- Lozengy or and gules

inherited
- Coat of arms: Ecu losanges d'or et de gueules
- Predecessor: Maurice V de Craon
- Successor: Amaury II de Craon
- Born: c. 1255
- Died: 10 February 1292
- Buried: Angers
- Family: Craon family
- Wife: Mahaut de Malines
- Father: Maurice V de Craon
- Mother: Isabella of Lusignan
- Occupation: Ambassador to England

= Maurice VI de Craon =

French noble

Maurice VI de Craon (c. 1255-1292) was Lord of Craon, Chantocé, Sablé, Briolé and La Suze. He served as Seneschal of Anjou, Touraine and Maine and in 1289 as Lieutenant of Aquitaine.

==Family==
Maurice VI was the son of Maurice V de Craon and his wife, Isabelle de Lezignem. His sister, Jeanne de Craon, married Gerard Chabot II. Maurice VI succeeded on his father's death in 1282.

==Career==
He had the Chapel of John the Baptist built for his family's sepulchre in the Church of the Cordeliers in Angers.

He served as ambassador to England. On his return, 1 February 1292, in Paris, he wrote his testament and, ten days later, died.

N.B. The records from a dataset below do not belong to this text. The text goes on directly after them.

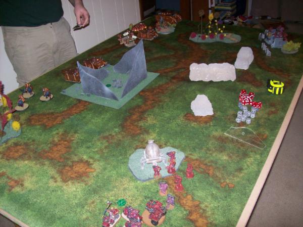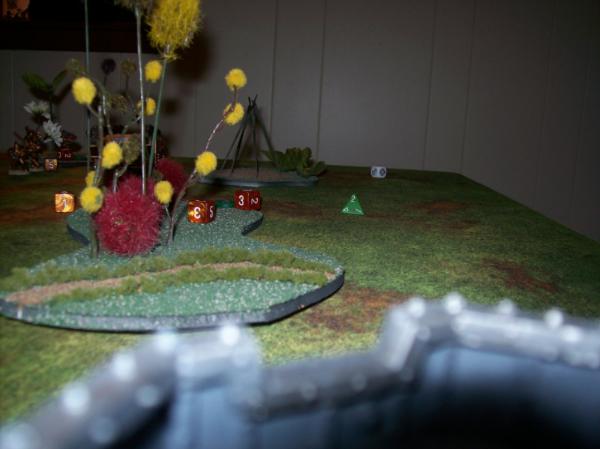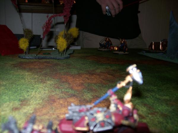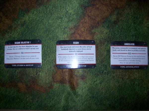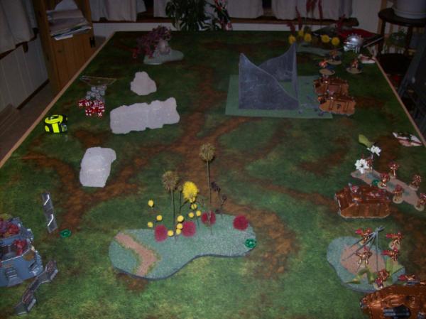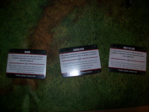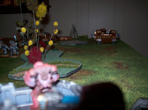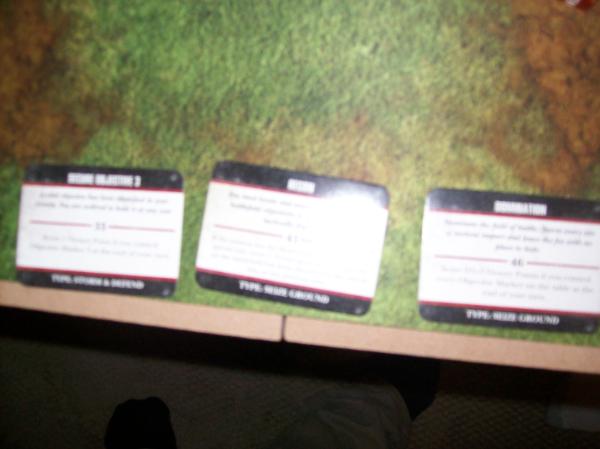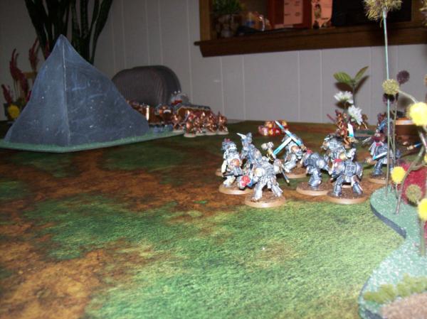Space Wolves first turn Objectives. Hard to read with the crummy pic, but he needed an objective in the Ruins at midfield.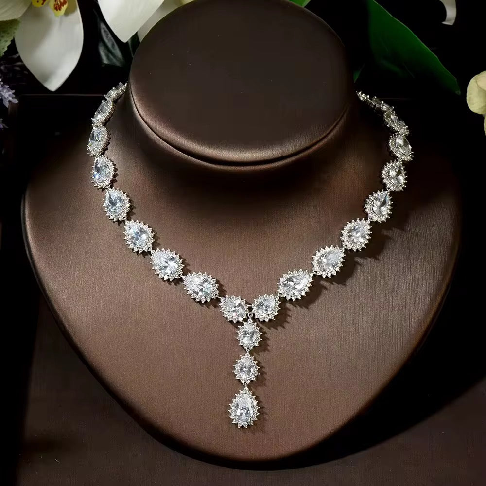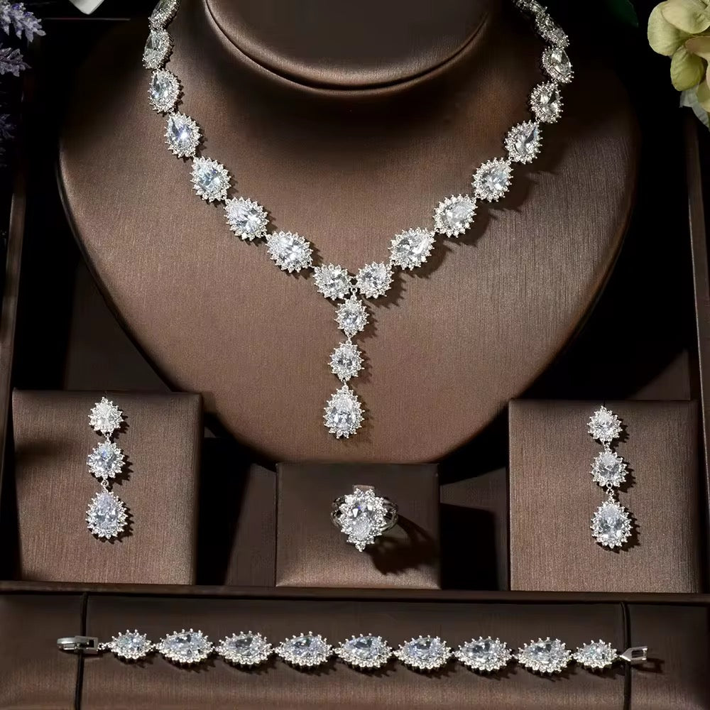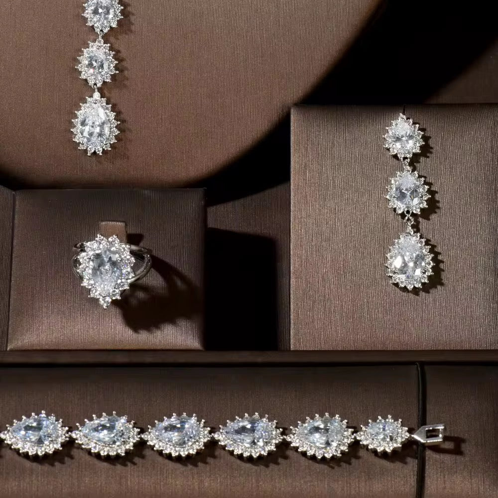مجوهرات زركون فاخرة، دقة ألماس، مطلي بالفضة عالية الجودة وخالي من التحسس.
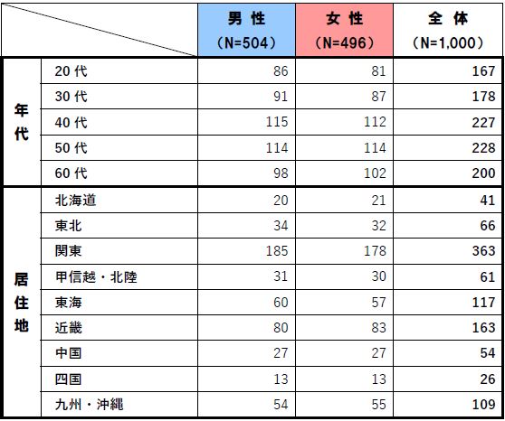 調査対象:20歳から69歳までの男女1,000人(地域・性年代構成比は、総務省統計局最新人口推計に準拠)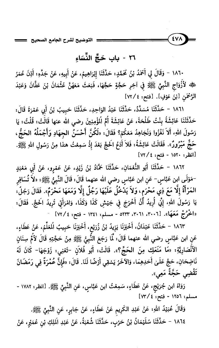 1861 - حَدَّثَنَا مُسَدَّدٌ، حَدَّثَنَا عَبْدُ الوَاحِدِ، حَدَّثَنَا حَبِيبُ بْنُ أَبِي عَمْرَةَ قَالَ: حَدَّثَتْنَا عَائِشَةُ بِنْتُ طَلْحَةَ، عَنْ عَائِشَةَ أُمِّ المُؤْمِنِينَ رضي الله عنها قَالَتْ: قُلْتُ: يَا رَسُولَ اللهِ، أَلاَ نَغْزُوا وَنُجَاهِدُ مَعَكُمْ؟ فَقَالَ: "لَكُنَّ أَحْسَنُ الجِهَادِ وَأَجْمَلُهُ الحَجُّ، حَجٌّ مَبْرُورٌ". فَقَالَتْ عَائِشَةُ: فَلاَ أَدَعُ الحَجَّ بَعْدَ إِذْ سَمِعْتُ هَذَا مِنْ رَسُولِ اللهِ - صلى الله عليه وسلم -. [انظر: 1520 - فتح: 4/ 72]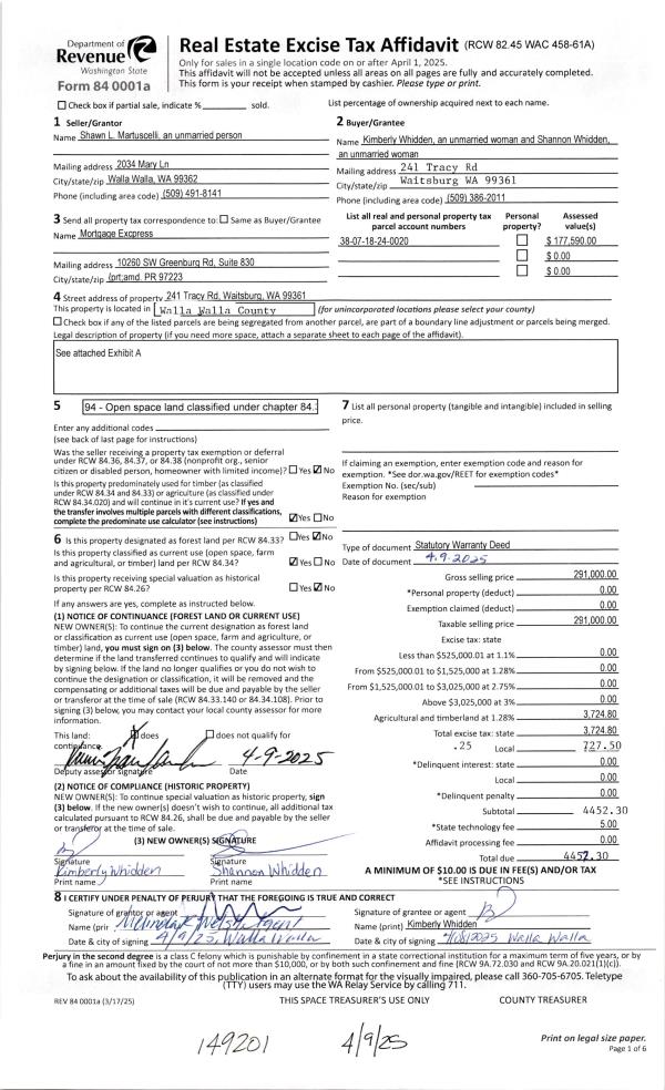 | 1 | 04/09/2025 | SWD | STATUTORY WARRANTY DEED | MARTUSCELLI SHAWN L | WHIDDEN KIMBERLY | | | $291,000.00 | 149201 | 2025-01880 |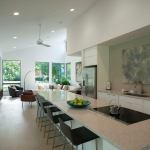 The LEED-Platinum project started with a sustainable teardown of the original 1960s home, a dark and outdated ranch. Due to a compromised concrete foundation, the structure was not livable but the clients were committed to thorough deconstruction. More than 80% of materials were recycled or repurposed through the local Habitat ReStore, Davison says, including roof tiles, windows, doors, light fixtures, casework, fixtures, appliances, flooring, and trim.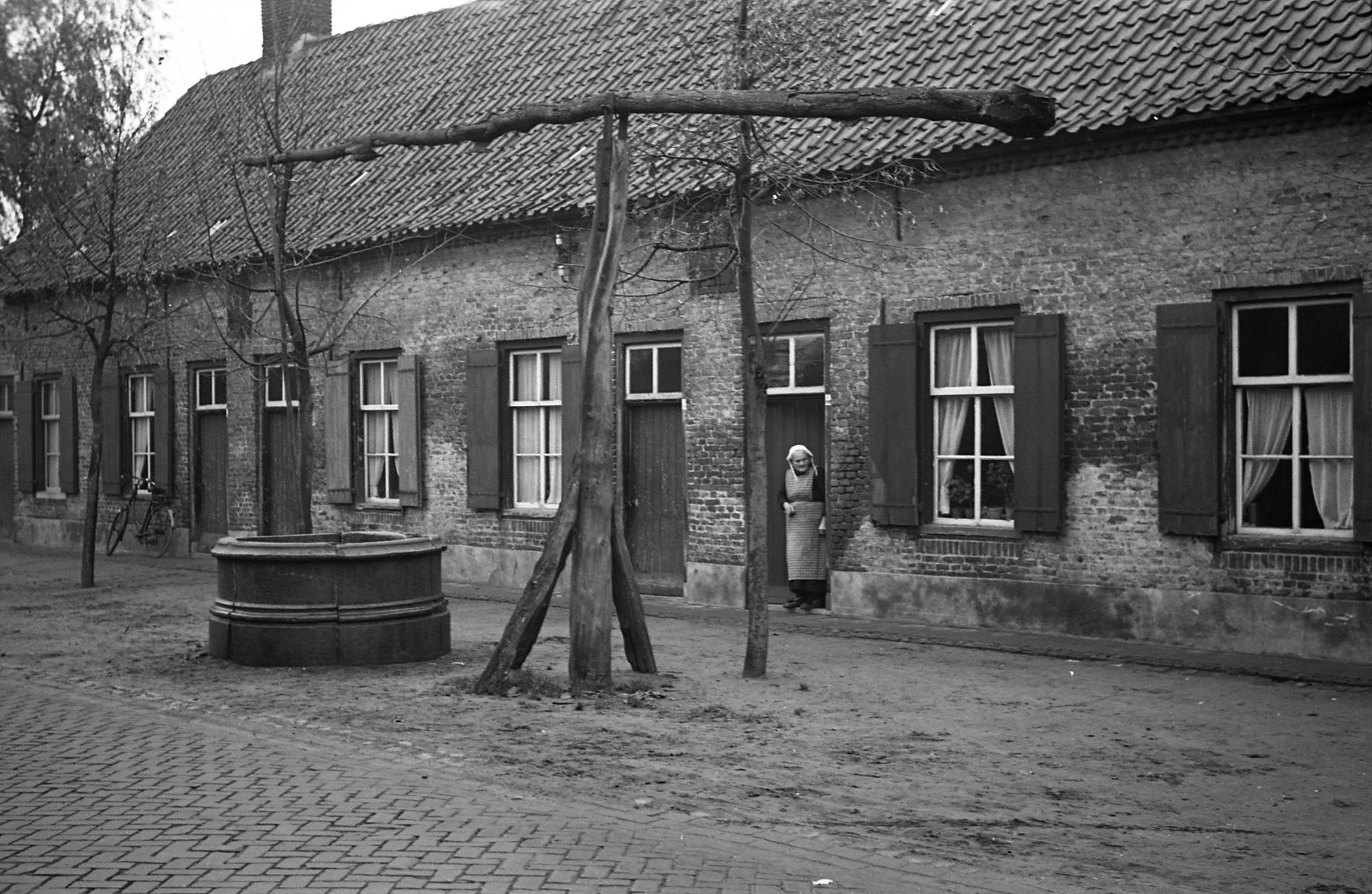 Woningen naast put, Oirschot, 1950 (zwart-wit negatief)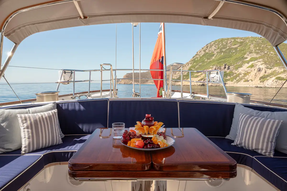 The aft cockpit is a versatile space that can be used for al fresco dining, or the table can be collapsed to form a sheltered sunpad platform. Further outdoor seating and dining options are provided between the dual helm stations and the flybridge, sheltered from the sun by a wide bimini. A central section of the aft deck folds down to create a swim platform for easy access to the water.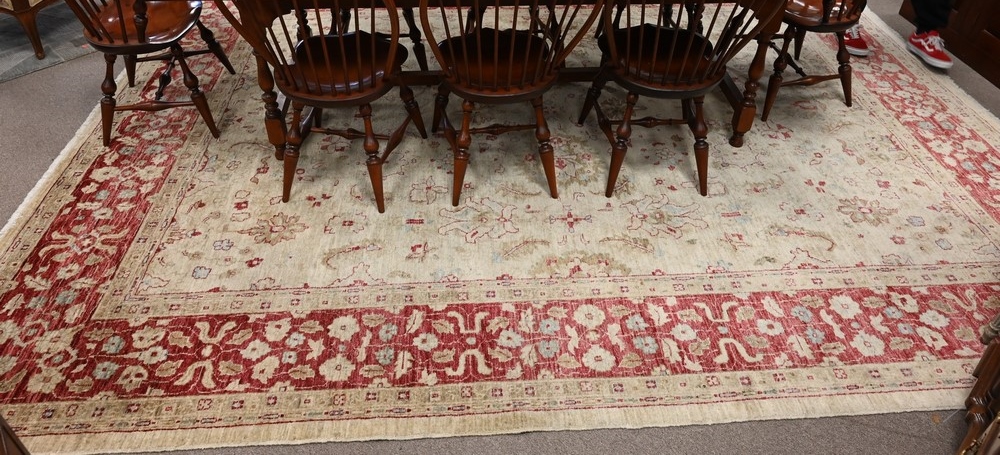 D.R. Dimes Custom Cherry Dining Table, with extensions set on turned legs, H stretcher, like new condition, height 30 inches, top 40 x 90 inches, top open 40 x 118 inches.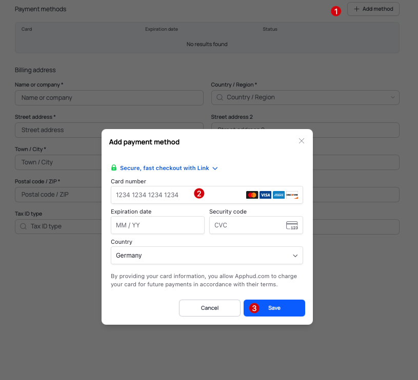 You can add a new payment method by clicking + Add method button and entering the card details, e.g., when your card is about to expire, to ensure uninterrupted access to Apphud services.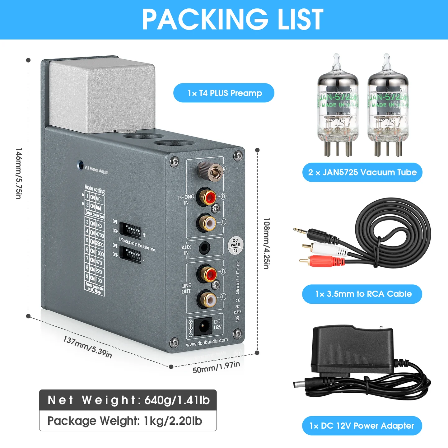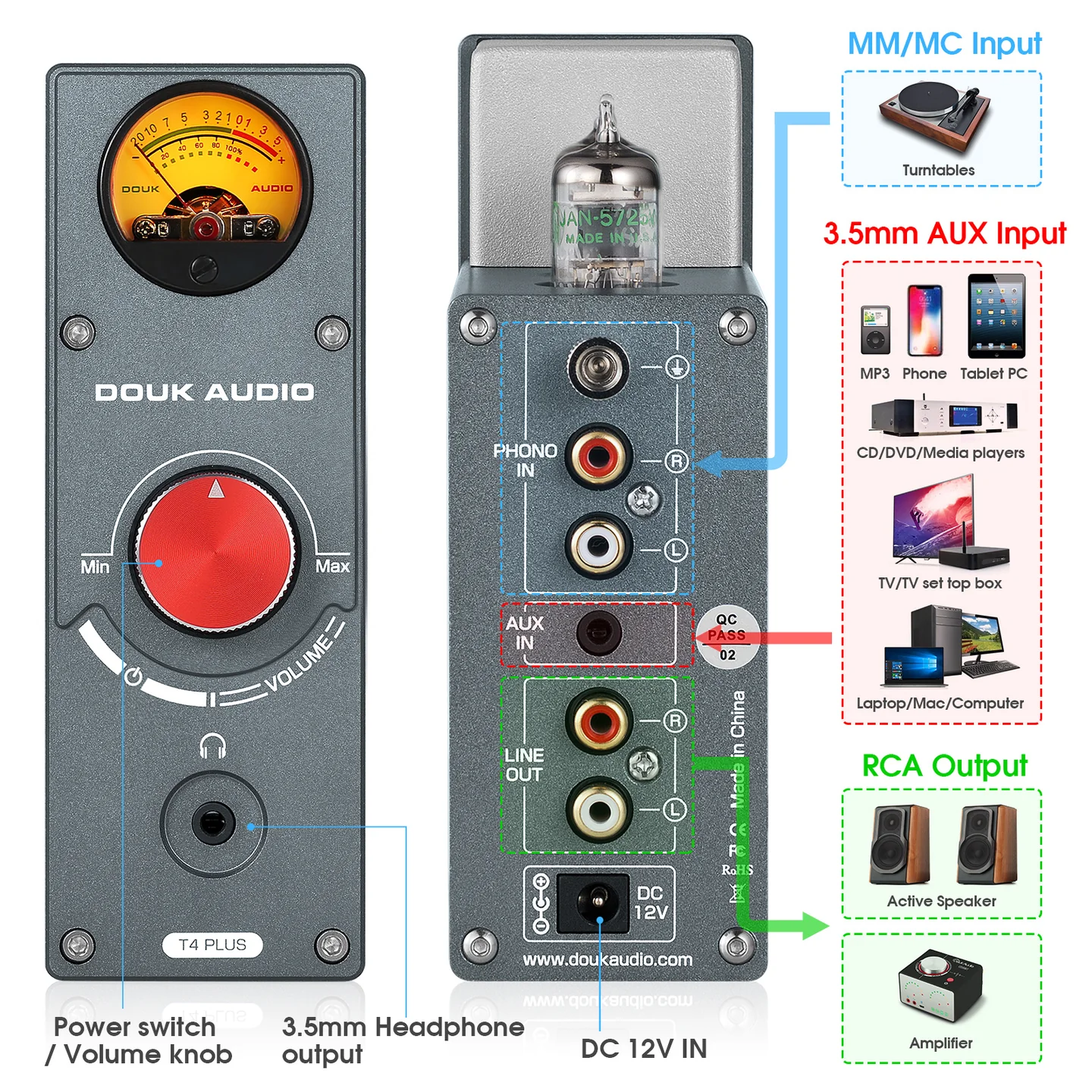 Douk Audio T4 PLUS HiFi προενισχυτής Phono λυχνίας για πικάπ με προενισχυτή ακουστικών και VU μετρο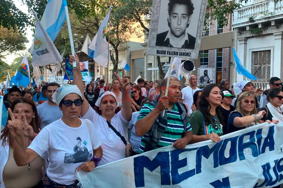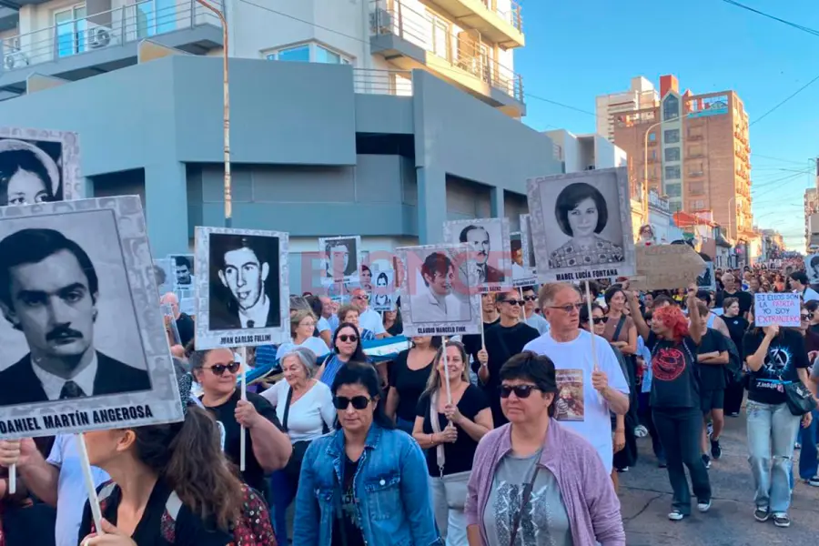 Durante la movilización, los participantes expresaron consignas vinculadas a la memoria colectiva, la defensa de los derechos humanos y el rechazo al negacionismo.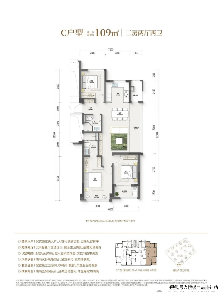 109方户型:三房两厅两卫,独立玄关,横厅边套,生活阳台+休闲阳台(全包),近13米采光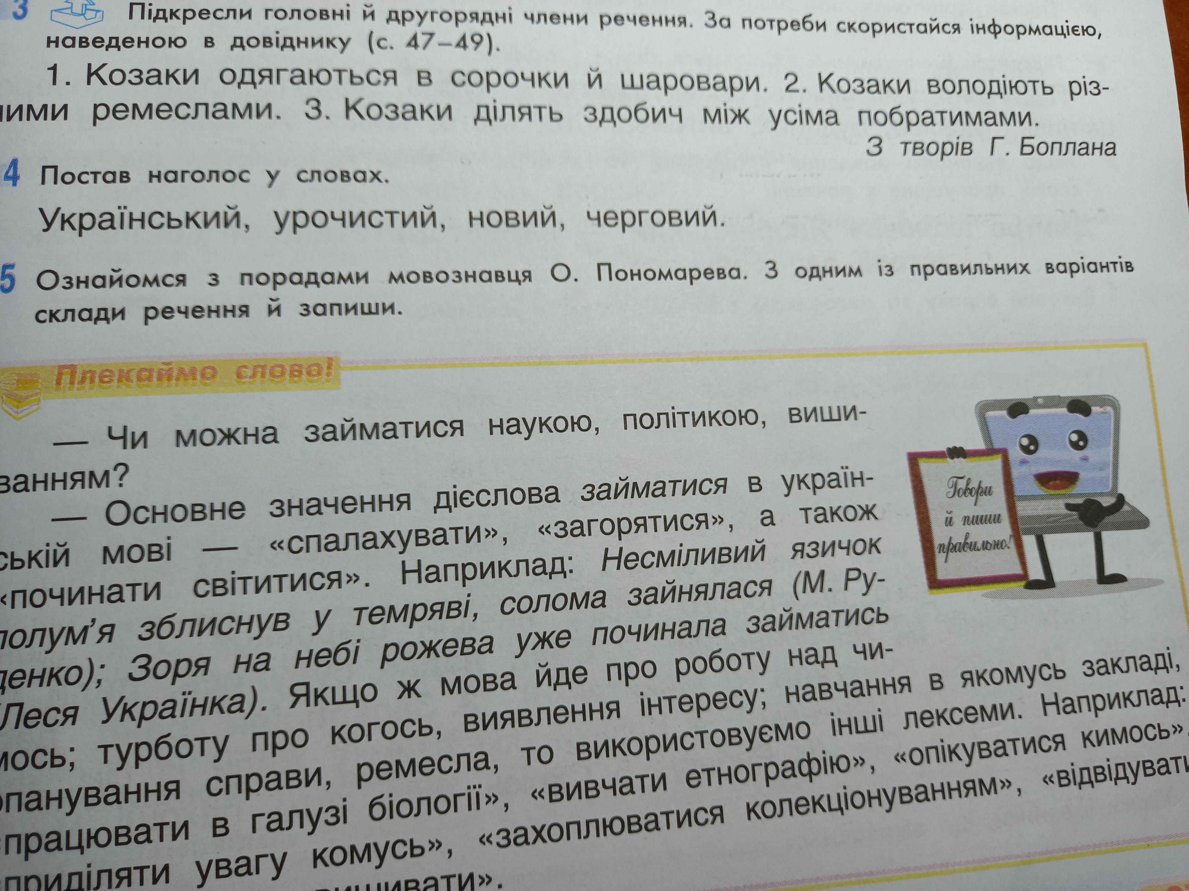 1.козаки (головний член) одягаються (другорядний член) в сорочки та шаровари. 2. козаки( головний) володіють (другорядний член) різними ремеслами. 3.Козаки (головний член) ділять (другорядний член) здобич між усіма побратимами

==Marriage, issue and succession==
In 1277 he married Mathilde Marie Berthout of Mechelen, daughter of Walter VII Berthout, Lord of Mechelen, and his wife Marie d'Auvergne. They had several children:

- Amaury III, (c. 1278-1333) who succeeded to the titles.
- Marie de Craon, Lady of Châtelais, married 25 August 1303 Robert de Brienne, Viscount of Beaumont and Maine and Lord of Pouancé. She died 21 August 1312.
- Isabelle de Craon, wife of Olivier de Clisson, died 30 June 1310 and was interred in the family tomb built for her father.
- Jeanne de Craon, died 25 August 1312 unmarried and without issue.